● WORK REQUEST:
Quote only the span from the first line of the entries to the line containing "Figure 1b. Growth", both ends kept. Leave every picture out.

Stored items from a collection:
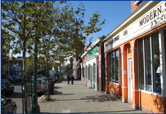
Park Street Streetscape
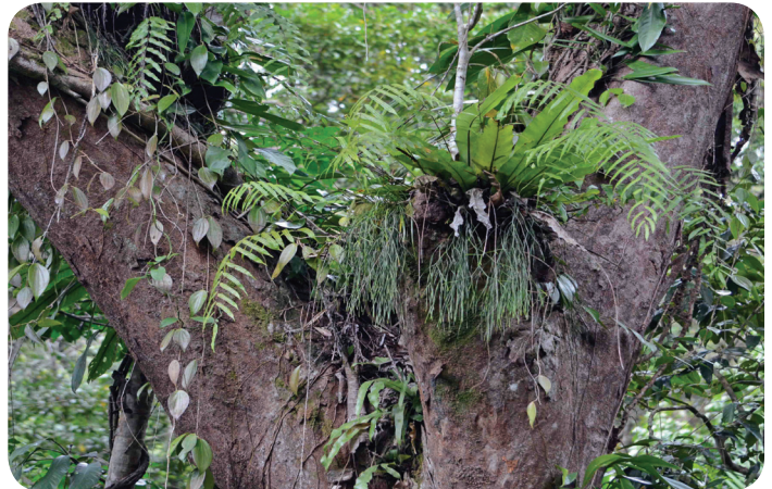
Tassel fern hanging below the Birds Nest fern.
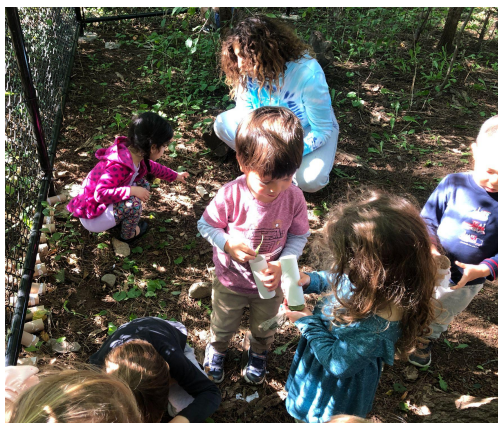
"What are you putting inside?"

We discussed what bugs need to feel comfortable, and together we created bug hotels in the Fairy garden. Gathering sticks, leaves, and rocks, we filled toilet paper rolls to make proper hotel rooms.
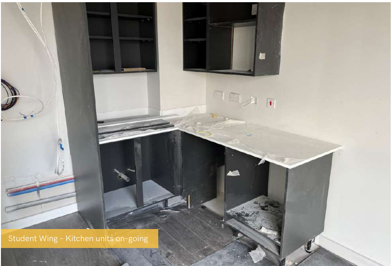
Student Wing - Kitchen units on-going
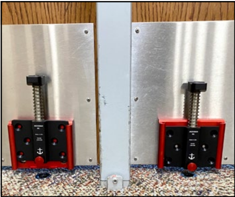
Approximately 1,000 of these door barricading devices have been installed across Noblesville Schools.
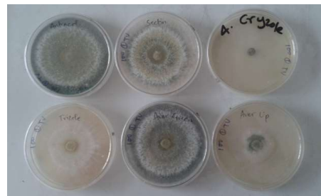
Figure 1b. Growth of Trichoderma isolate Tv in different chemical treated plates

Carbendazim, Benomyl, Hexaconazole even when tested at very low concentrations ( < 100 ppm) have been found to be inhibitory to Trichoderma growth by several authors (Sirohi et al., 2009; Bagwan, 2010; Madhusudhan et
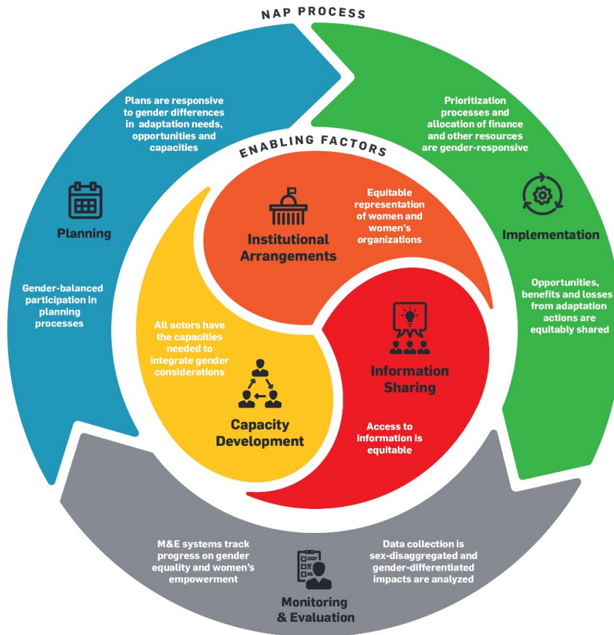
Figure 1: Implementation Framework

Our urban agenda is clearly aligned with the New UN Habitat Urban Agenda that recognizes the potential of cities if well planned to realize sustainable development goal in an integrated and coordinated manner. Our proposal to fulfill our own obligations towards meeting the 2030 Agenda for Sustainable development will focus on ending poverty and hunger, reducing inequalities, promoting inclusivity, economic growth and realizing gender equality and women and girls' empowerment.
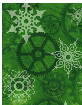
28905 G Gears & Snowflakes
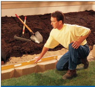
1. Prepare Wall Location
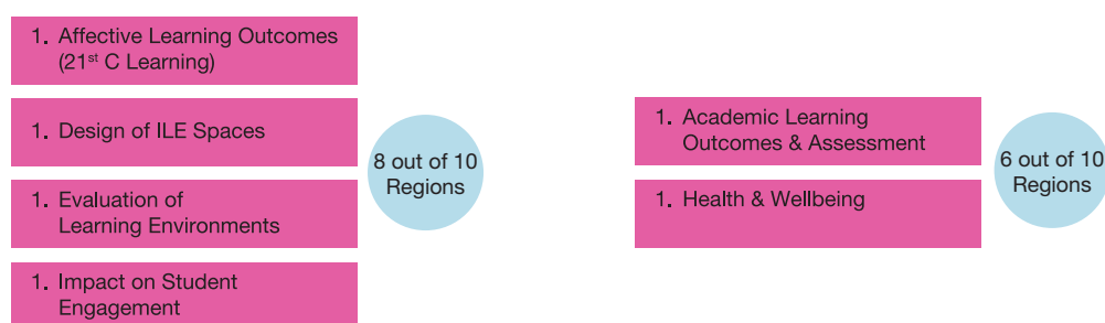
Figure 3. Top five rankings (by geographies).

Table 7 expands on the figure above, showing the frequency of gaps as identified within each country's top 5 most important priorities lists. In addition to those listed above, there were another eight gaps that a smaller group (one or more regions) felt were important to their context. This indicates there may be smaller projects required to address areas of need for certain countries in addition to a larger project that focuses on the issues with broader consensus.
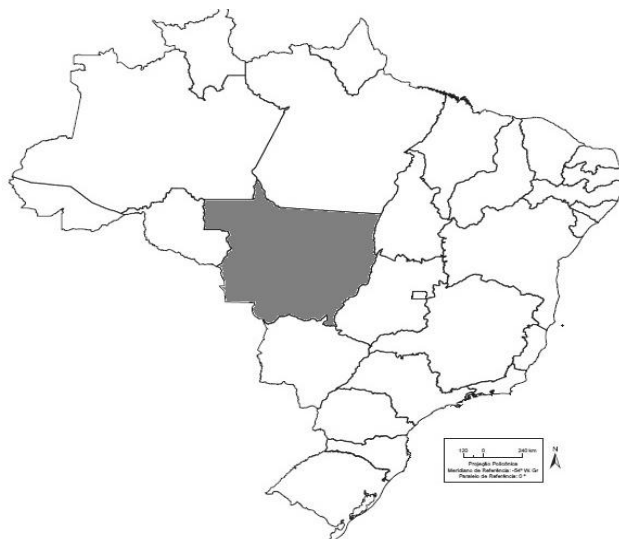
Figure 1. Geographical location of the state of Mato Grosso in Brazil.

( https://prodwww-queimadas.dgi.inpe.br/bdqueimadas/ ). Hospitalization data were obtained from the Unified Health System Computer Department (Datusus) related to cardiovascular diseases referring to those belonging to the International Classification of Diseases, 10th revision (ICD 10) chapter IX, with diagnoses from I-00 to I-99 and according to place of residence in the state of Mato Grosso. Rates were created per 10,000 inhabitants with these data.
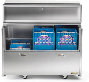
Model Shown - RMC49D4
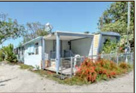
27 Avenue A

INVESTOR ALERT! Good location in Key Largo Village - two home owners' parks, with beach, pavilion and two boat ramps. Close to shopping, restaurants, recreation, boating, fishing and swimming! Great potential!!!! $299,000
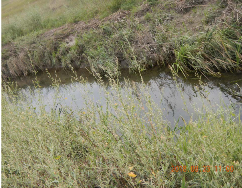
Photo 9. Spring Gulch.
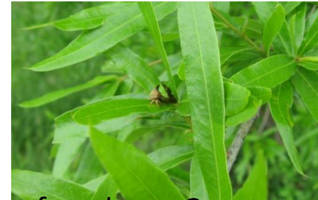
female on Quercus
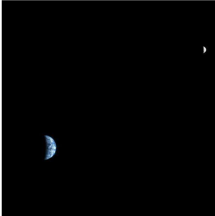
Figure 1. The Earth and the Moon from the planet Mars. The link to the image (public domain) is as follows: < https://upload.wikimedia.org/wikipedia/commons/b/b8/The_Earth_and_the_Moon_photographed_from_Mars_orbit.jpg >.

"There is nothing bigger than the sky, there is nothing stronger than the love, there is nothing like the planet Earth". The components of the Morgan band interpret a song to the feelings and the possibilities that the world offers.
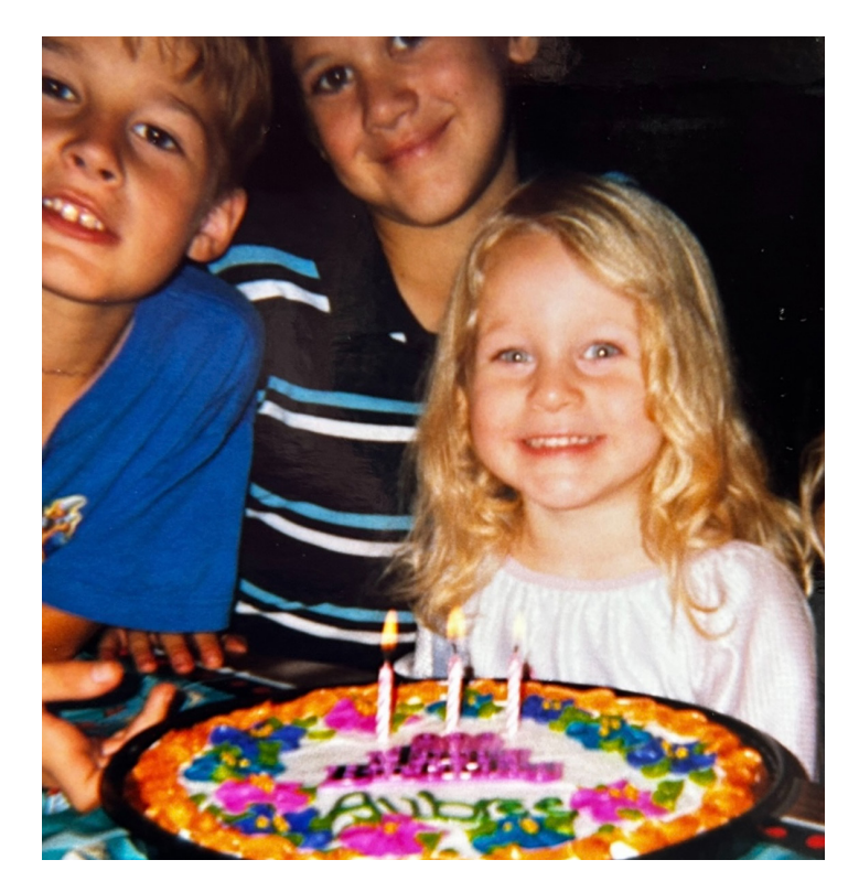
"You're helping the little girl in me achieve things I never thought I could."
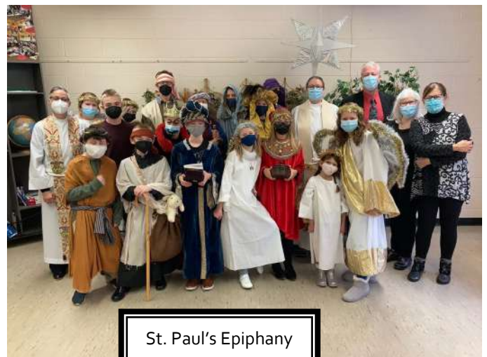
St. Paul's Epiphany Pageant 2022
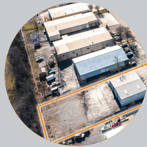
LARGE SECURED STORAGE YARD
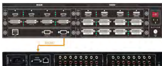
• Third-party Control
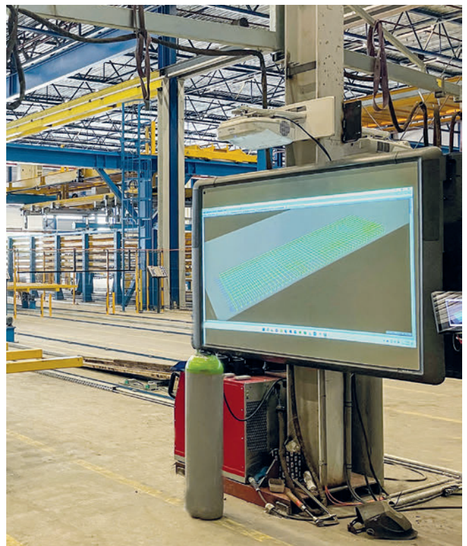
Plans can be visualised in 3D models with the appropriate software solutions, thus facilitating accurate results
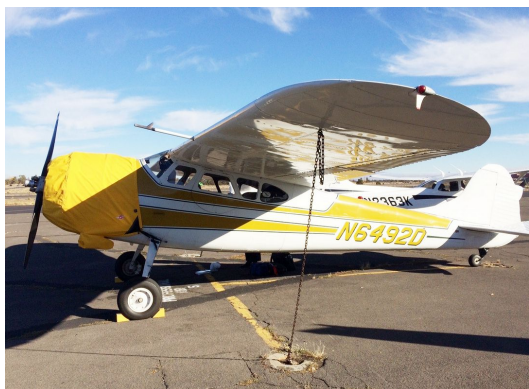
Cessna 195 Engine Cover

This cover type is made from Silver Acrylic Sunbrella canvas and is 100% lined with a soft and smooth microfiber. Bruce's Custom Covers developed this material combination especially for aircraft protection. The outer material is medium weight and treated for water resistance, UV resistance and anti-static buildup. The inner lining is a very soft and smooth microfiber to prevent scratching. The material is very reflective, and tests show that the cabin interior temperature can be reduced to near-ambient temperature on the hottest of days. It is water, ice and snow repellent, yet breathable to allow moisture to escape from between the cover and the aircraft surface.
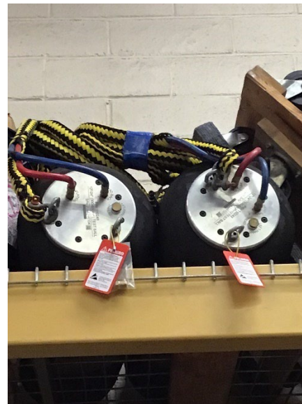
“PIG” Test-Ball Plug – 24”- 48” = 125 lbs. Pictured 12”-24”= 26.9 lbs. (stored overhead) Variable weight depending on diameter

● REPLY:
Park Street Streetscape
Tassel fern hanging below the Birds Nest fern.
"What are you putting inside?"

We discussed what bugs need to feel comfortable, and together we created bug hotels in the Fairy garden. Gathering sticks, leaves, and rocks, we filled toilet paper rolls to make proper hotel rooms.
Student Wing - Kitchen units on-going
Approximately 1,000 of these door barricading devices have been installed across Noblesville Schools.
Figure 1b. Growth of Trichoderma isolate Tv in different chemical treated plates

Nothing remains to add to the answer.